Note: Typically, only the hduser and hdpassword is used in the Heimdall JDBC URL, as the data source can provide the user and password options. The ability to specify this here is to allow applications to specify their own username and password, in general to allow many users to access a data source at once.

Proxy Configuration

Proxy mode operates by having the management server either start a process on its own, or having a proxy on a remote system connect. Once started, the proxy will open a port that a client can connect to as if the proxy were the database itself, and access data via that process.

  • Management Server Proxy: This option allows the management server to start and manage restarts of a proxy instance on the same server as the management server itself. This option is a great way to simplify the testing of Heimdall in limited environments.

When in proxy mode, several options will be available, two options being required: the address binding type, and the proxy port. The address binding type specifies the behavior of the proxy:

  • Any: In this binding mode, all local IP addresses will be bound to, or more specifically, it binds to "0.0.0.0";
  • Localhost Only: When this option is set, the binding will be to the 127.0.0.1 IP only;
  • Specific IP: This allows a specific IP address to be bound for use. An example of this is to use 172.17.0.1 in a docker container when bridge mode is enabled, so that the proxy can bind for use by any other containers on the same host, without impacting any other proxies that may reside on another host.

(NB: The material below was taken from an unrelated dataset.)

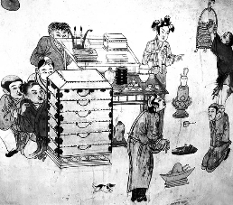 在宋代,闹市里的酒楼陈设金银酒器供顾客使用。宋代酒楼分为两种高级档次,一种是以和乐楼、和丰楼、丰乐楼为代表,“属户部点检所,设官妓数十人,各有金银酒器千两,以供饮客之用……往往皆学舍士夫所据,外人未易登也”,是官宦来往的酒楼;另一类是以熙春楼、三元楼和严厨、任厨、陈厨等厨师姓氏命名的“市楼之表表者”。 (参见周密《武林旧事》)“酒器悉用银,以竞华侈”,且“每楼各分小阁十余”。插个题外话,在餐饮管理上,宋代已设有包厢,真可谓走在时代之前了。

Linux Note: When the Localhost Only option is enabled for a proxy when run, then the proxy will also attempt to listen on the Unix socket that matches what a database would listen to for the MySQL and Postgres database types in order to allow clients the greatest level of compatibility. To disable this behavior yet use localhost listening behavior, please use the "Specific IP" option and specify 127.0.0.1 as the Proxy Address.

Proxy port: The second required option. This specifies the value of the TCP port that the proxy will be listened to. If there is an error binding to a given port or IP, then a GUI alert will be issued when the proxy attempts to start. It is important that the ports do not conflict with other proxies being run on the same host or binding, as only one process can bind to a specific IP:port combination at once. This applies if installed on the same server as a database as well--if the database is on port 3306 for example, than the proxy can not use the same port.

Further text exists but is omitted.